- Episode no.: Season 4 Episode 1
- Directed by: Jennifer Coyle
- Written by: Dan Fybel; Rich Rinaldi;
- Production code: 3ASA11
- Original air date: September 29, 2013

Guest appearances
- David Herman as Troop Leader; John Michael Higgins as RV Guy; Lindsey Stoddart as RV Lady;

Episode chronology
| ← Previous "The Unnatural" | Next → "Fort Night" |
- Bob's Burgers season 4

= A River Runs Through Bob =

"A River Runs Through Bob" is the first episode of the fourth season of the animated comedy series Bob's Burgers and the overall 46th episode, and is written by Dan Fybel and Rich Rinaldi and directed by Jennifer Coyle. It aired on Fox in the United States on September 29, 2013.

==Plot==
To make up for Tina missing her Thunder Girls troop camping trip due to being sick, Bob takes the reluctant family camping in the woods. Once they get there, they meet a survivalist couple camping next to them who offer them supplies. Bob zealously intends to live off the land and fishes for a trout, while the rest of the family, much less impressed, borrow food supplies from their neighbors for dinner. Later that night, Bob and Linda make use of a small hot spring, but are swept away by the river it is attached to after the rock enclosure around the spring collapses. They wash ashore far down the river, naked and lost, and Bob becomes violently sick from the trout he caught and ate earlier. Linda takes charge, demonstrating surprising aptitude in the wilderness, but Bob stubbornly ignores her, insisting on his own skill at wilderness survival.

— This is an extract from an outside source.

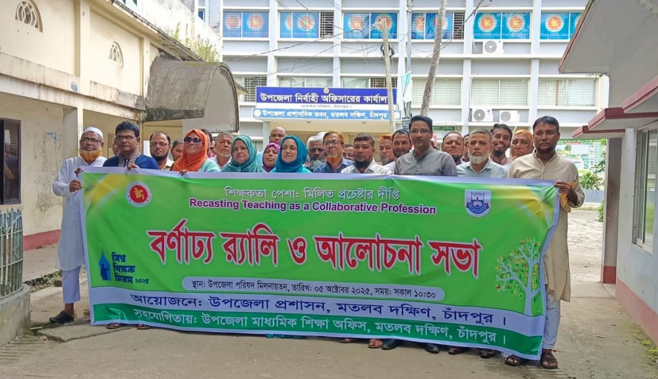 ‘শিক্ষকতা পেশা; মিলিত প্রচেষ্টার দীপ্তি’ এ প্রতিপাদ্য বিষয়কে সামনে রেখে মতলব দক্ষিণ উপজেলায় বিশ্ব শিক্ষক দিবসে বর্ণাঢ্য র্যালী ও আলোচনা অনুষ্ঠিত হয়েছে। র্যালিটি গুরুত্বপূর্ণ সড়ক প্রদক্ষিণ শেষে উপজেলা পরিষদ মিলনায়তনে শেষ হয়।

In the morning, the kids wake to find Bob and Linda missing and borrow some inner tubes and a "survivalist guide" from their neighbors in order to search for their parents. Tina attempts to follow the Thunder Girls guidebook, but Louise and Gene find the Survivalist Guide much more compelling. At nightfall, Bob and Linda continue to follow the river back to the campsite, while Tina, Gene, and Louise come upon a Thunder Girl troupe campfire. However, Tina defiantly renounces her Thunder Girl membership, quoting from the Survivalist Guide about how such organizations are "cookie selling machines". Bob and Linda make it back to the campsite, with Bob finally praising Linda for her excellent wilderness skills and dubbing her the "Nature Master".

The neighbor couple tell them the kids are in the trailer. It turns out to be a trick, and the couple tells them they have been living in the woods for 40 months and want Bob and Linda to join them. They trap them in the trailer, and Linda attempts to escape by asking to use the trailer bathroom. The kids return to camp and see Bob and Linda are being held hostage. Using the Survivalist Guide, they "weaponize" bees by using Tina's Thunder Girl sash to drop a bee hive through the trailer roof vent. In the chaos of the bee attack, Bob and Linda are able to escape the trailer and the Belchers flee in their car back to the city. Tina finds her combination of Survivalist and Thunder Girls skills helped her save her parents, and re-envisions herself as a "Thundervivalist".

==Reception==
Pilot Viruet from The A.V. Club gave the episode B−, saying "A River Runs Through Bob" was pretty funny and a nice welcome back to the show, but really, I'm just waiting to see the family out of the woods and back home." Robert Ham of Paste gave the episode an 8.2 out of 10, saying "Watching this new episode after The Simpsons only served to highlight how similar the two sitcoms are in their core ideas, but how Bob's Burgers skewers the conventions in ways that the show before it (and most definitely the shows after it) are unable to do. Bob's throws witty pop culture references into each episode—the John & Yoko Rolling Stone cover nod when Bob & Linda wake in the woods was particularly nice. The rest shove them so far down the viewers throats, it's a wonder we all don't gag involuntarily as we watch. Each have their charms, but Bob's Burgers is standing head and shoulders above the animation competition. As this episode proved, the fifth season was earned, and I can't wait to see where they take us next."

The episode received a 2.2 rating and was watched by a total of 4.48 million people. This made it the third most watched show on Animation Domination that night, beating American Dad! but losing to Family Guy with 5.23 million and The Simpsons with 6.37 million.